The conversion of $1\text{kDa}$ to $\text{Da}$ is shown below.

$1\text{kDa}={10}^3\text{Da}$

Therefore, the conversion of $29.6\text{kDa}$ to $\text{Da}$ is shown below.

$29.6\text{kDa}=29.6\times {10}^3\text{Da}$

The formula to calculate the total number of enzymes is shown below.

$\text{Total}\text{number}\text{of}\text{enzymes}=\frac{\text{Total}\text{mass}\text{of}\text{enzyme}}{\text{Mass}\text{of}\text{one}\text{enzyme}}$  (3)

The total mass of the enzyme is ${10}^{-9}\text{g}$.
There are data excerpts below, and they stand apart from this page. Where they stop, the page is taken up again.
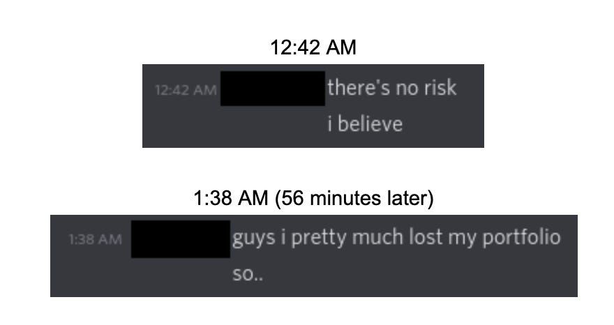 Sadly, users do NOT look at risk enough. It’s easy to get caught up in a frenzy when you’re reading Tweets about 1,000% returns, but then you wind up further down the risk spectrum, until: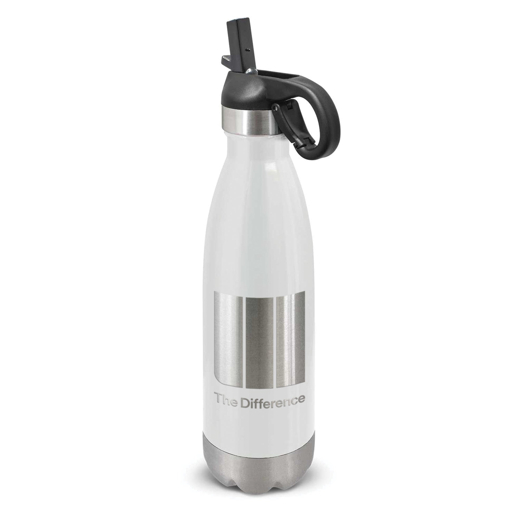 Trendy 500ml double wall, vacuum insulated stainless steel drink bottle with a timeless design. It will keep drinks cold for 24 hours. It has a secure flip valve lid which has a removable food grade silicone mouth piece for cleaning, a drinking straw and a convenient carry handle with a spring loaded carabiner clip. Mirage laser engraves to a shiny steel finish except for the silver bottle, which engraves to a natural etch. Mirage is nicely presented in a black gift box. This product is not dishwasher safe and handwashing is recommended.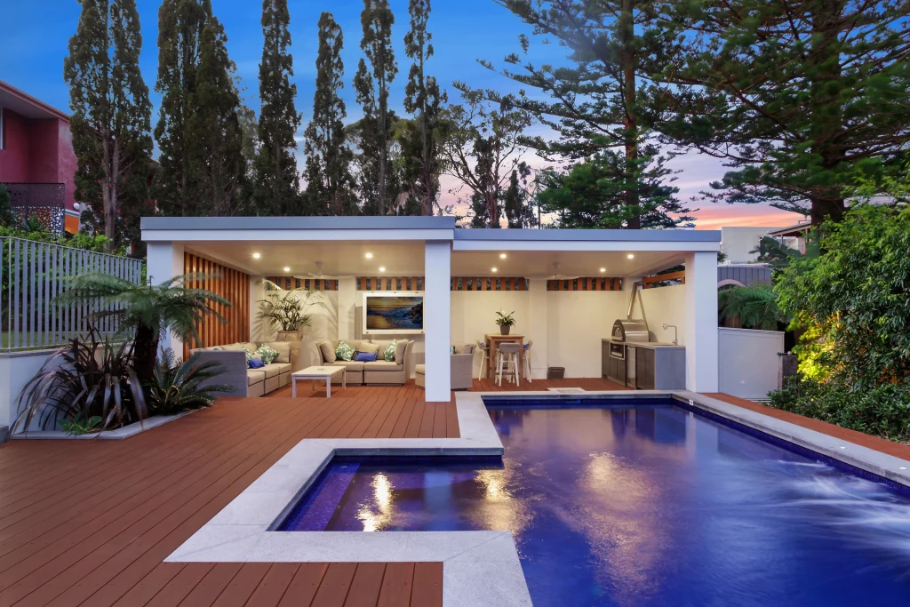 Additional features include a ground-floor media or games room, landscaped grounds with a heated pool, poolside cabana equipped with a pizza oven and television, and secure parking for seven vehicles. The property also includes a wine cellar and lift access to all three levels.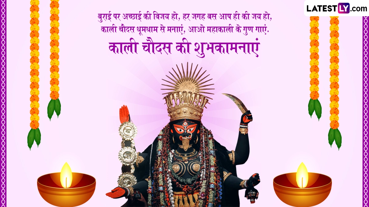 Kali Chaudas 2025 Wishes in Hindi: हिंदू धर्म में दिवाली (Diwali) को सबसे बड़ा त्योहार माना जाता है, जो पांच दिनों तक चलता है. पांच दिनों तक चलने वाले दिवाली उत्सव की शुरुआत धनतेरस से होती है और समापन भाई दूज के साथ होता है, जबकि कार्तिक मास की अमावस्या को दीपावली यानी लक्ष्मी पूजन का त्योहार मनाया जाता है. दीपावली से ठीक एक दिन पहले छोटी दिवाली (Chhoti Diwali) मनाई जाती है, जिसे नरक चतुर्दशी (Narak Chaturdashi), रूप चौदस (Roop Chaudas), भूत चतुर्दशी (Bhoot Chaturdashi) और काली चौदस (Kali Chaudas) के नाम से भी जाना जाता है. इस साल 19 अक्टूबर 2025 को छोटी दिवाली यानी काली चौदस का पर्व मनाया जा रहा है. काली चौदस के पर्व को पश्चिम बंगाल में मां काली के जन्मदिन के तौर पर मनाया जाता है. कहा जाता है कि दस महाविद्याओं में शुमार मां काली की पूजा करने से भक्तों को बुरी शक्तियों से लड़ने की ताकत मिलती है और मां स्वंय अपने भक्तों की रक्षा करती हैं.
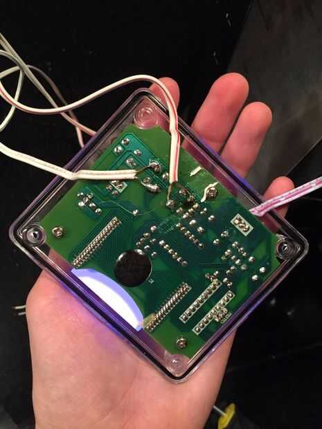Una vez que la Junta fuera, usted necesitará identificar donde está conectado el botón 'on'; como puede ver en el primer plano arriba, mina fue sólo dos contactos soldados hacia el lado opuesto. Accidentalmente de soldar los cables a los contactos del botón de "cambio de minutero", así que tuve que rehacerlo (por eso tengo un alambre rizado no conectado a nada).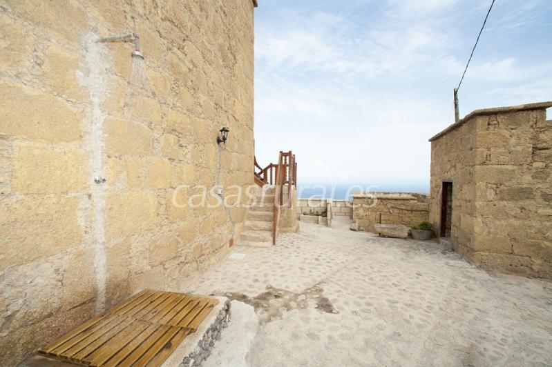 Las casa de Las Vigas se articula entorno a un patio empedrado, que es una técnica similar al adoquinado, pero en donde se emplea piedra natural de la zona, en este caso volcánica del propio barranco de Las Vigas acarreada por bestias de carga.

Substitute the mass of one enzyme and the total mass of the enzyme in equation (3).

$\begin{array}{c}\text{Total}\text{number}\text{of}\text{enzymes}=\frac{\text{Total}\text{mass}\text{of}\text{enzyme}}{\text{Mass}\text{of}\text{one}\text{enzyme}}\\ =\frac{{10}^{-9}\text{g}}{29.6\times {10}^3\text{Da}}\times \frac{1\text{Da}}{1.66\times {10}^{-24}\text{g}}\\ =2.04\times {10}^{10}\end{array}$

The number of moles is calculated by the formula shown below.

$\text{Number}\text{of}\text{moles}=\frac{\text{Number}\text{of}\text{enzymes}}{N_{\text{A}}}$  (4)

Where,

• $N_{\text{A}}$ is Avagadro’s number. ( $6.022\times {10}^{23}$)

Substitute the value of the number of enzymes and $N_{\text{A}}$ in equation (4).

$\begin{array}{c}\text{Number}\text{of}\text{moles}=\frac{2.04\times {10}^{10}}{6.022\times {10}^{23}}\\ =3.38\times {10}^{-14}\text{moles}\end{array}$

The volume of the solution is $10\text{mL}$.

The conversion of $1\text{mL}$ to $\text{L}$ is shown below.

$1\text{mL}={10}^{-3}\text{L}$

Therefore, the conversion of $10\text{mL}$ to $\text{L}$ is shown below.

$10\text{mL}={10}^{-2}\text{L}$

The expression to determine the concentration of the enzyme is given below.

${\left[\text{E}\right]}_{\text{T}}=\frac{\text{Number}\text{of}\text{moles}}{\text{Volume}\text{of}\text{solution}}$  (5)

Substitute the number of moles and the volume of solution in equation (5).

$\begin{array}{c}{\left[\text{E}\right]}_{\text{T}}=\frac{3.38\times {10}^{-14}\text{moles}}{{10}^{-2}\text{L}}\\ =3.38\times {10}^{-12}\text{mol}/\text{L}\\ =3.38\times {10}^{-12}\text{mol}/\text{L}\times \frac{\text{M}}{\text{mol}/\text{L}}\\ =3.38\times {10}^{-12}\text{M}\end{array}$

The value of $V_{\max }$ is $0.685\times {10}^{-9}\text{mol}/\min$.

Substitute the value of $V_{\max }$ and ${\left[\text{E}\right]}_{\text{T}}$ in equation (2).

$\begin{array}{l}{k}_2=\frac{0.685\times {10}^{-9}}{3.38\times {10}^{-12}}\\ =203\end{array}$

Therefore, the value of turnover number is $203{\text{s}}^{-1}$.